At this point, I almost feel sorry for the guy because he comes within a hair’s breadth of getting it. The answers to Simpson’s questions, if he would ask them honestly rather than rhetorically, are hiding from him in plain sight. Instead, he becomes the ironic cherry on the top of his own folly by exposing himself as… a hypocrite who is just plain out of touch with reality.
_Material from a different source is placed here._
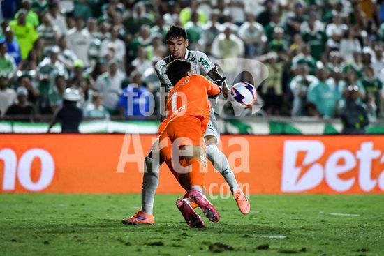 2866894 Cecchini da Portuguesa e Agustín Giay do Palmeiras durante partida entre Portuguesa x Palmeiras, válida pela primeira rodada do Campeonato Paulista de Futebol 2026, neste sábado (10), no Estádio do Canindé, SP.

Fairly or unfairly, Hollywood studios are being good businessmen by depicting evil businessmen. They know what their customers want, and that’s what they are providing. The Business & Media Institute may not see it, but for most others it’s easy to see why audiences draw cathartic satisfaction from the idea of corporate fat cats getting their comeuppance. To start with, the gap between the rich and the not rich in our society has been widening significantly due to factors including tax policy and the lack of lobbying reform. Second, the nature of employment has fundamentally changed in the last 20-25 years, with layoffs (or their euphemistic variants like “downsizing,” “outsourcing,” and “moving offshore”) becoming so commonplace as to seem inevitable, and the notion of job security regarded more and more as a relic of the good old days. Then, of course, there are the well-known and startlingly numerous recent examples of disastrous corporate malfeasance and fraud. While it’s true that such shameful episodes are the exception rather than the rule in terms of the whole business community, it’s also true that holy shit, there have been a hell of a lot of exceptional assholes popping up lately.

Either way, the blistering network portrayals of businessmen who lie, cheat and kill make one miss the old days of simple class envy.

Oh, what a shame… those mean TV networks are making people forget to be jealous of you. Well, I recommend you head on home and have your personal chef whip you up a nice Pity Puree. Maybe pop in your DVD of the first season of The Apprentice. Maybe it’ll be enough to make you forget that unflattering portrayals of you are profitable.